The drive show bad sectors on multiple machines they are just garbage.

This is the smart data from one of the drives:

Modellname, Samsung SSD 980 PRO 1TB
Seriennummer, S5GXNX0RB24131K
Drive Type, NVMe
Ergebnis,Byte End,Byte Start,Description,Raw Data,Status
,0,0,Critical Warning,0,OK
,2,1,Temperature (K),324,OK
,3,3,Available Spare,98,OK
,4,4,Available Spare Threshold,10,OK
,5,5,Percentage Used,5,OK
,47,32,Data Units Read,53619034,OK
,63,48,Data Units Written,75555641,OK
,79,64,Host Read Commands,551749733,OK
,95,80,Host Write Commands,1142717970,OK
,111,96,Controller Busy Time,4085,OK
,127,112,Power Cycles,2020,OK
,143,128,Power On Hours,10175,OK
,159,144,Unsafe Shutdowns,57,OK
,175,160,Media Errors,4855,OK
,191,176,Number of Error Information Log Entries,4851,OK
,195,192,Warning Composite Temperature Time,0,OK
,199,196,Critical Composite Temperature Time,0,OK
,201,200,Temperature Sensor 1,324,OK
,203,202,Temperature Sensor 2,331,OK
,205,204,Temperature Sensor 3,0,OK
,207,206,Temperature Sensor 4,0,OK
,209,208,Temperature Sensor 5,0,OK
,211,210,Temperature Sensor 6,0,OK
,213,212,Temperature Sensor 7,0,OK
,215,214,Temperature Sensor 8,0,OK

but bad sectors are bad news and cause problems all day lol

Pretty much SN850X versus 990 Pro for DRAMed TLC NGFF at the moment. Lots of HMB drives with good performance as well, SN770 and a few others of which are TLC rather than QLC.

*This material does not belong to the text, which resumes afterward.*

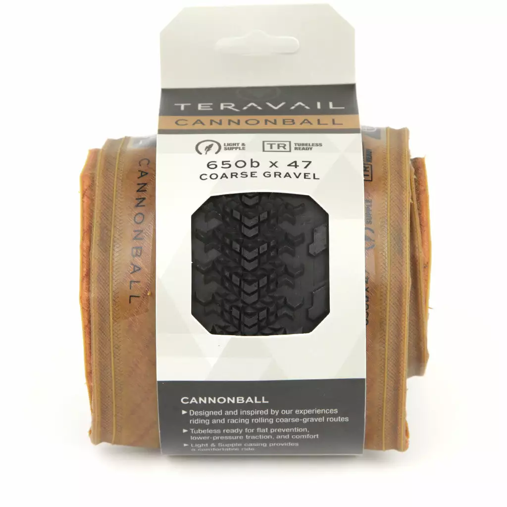 Le pneu Cannonball de Teravail est proposé en version tubeless ready, montage sans chambre à air avec liquide préventif. Il est

I’d expect any drive to have errors if the link’s unstable, wear life’s exceeded, or the thermals are problematic, though.

Source? Samsung specs the usual 600 writes for TLC.

id also like to see their source as well. but the spec sheet is only what they are basing the warranty on.

its not all that uncommon to exceed the write rating.

as you can see the usage is nothing out of the ordinary and maybe this batch was faulty I have no idea, thermals are a non issue as well… So I try to rma but since this is samsung nothing will come from it

That’s anecdotal from our roughly 500 machines in active deployment.

Western Digital makes a fantastic game drive, and is definitely faster than the Samsungs but they die under enterprise workloads (we suspect it is heat related).

Silicon Power last about a year in 24/7 deployments

Samsung has had a notable increase in drive failures since 2020.

The Pro line is better, but as stated: enterprise is the way to go.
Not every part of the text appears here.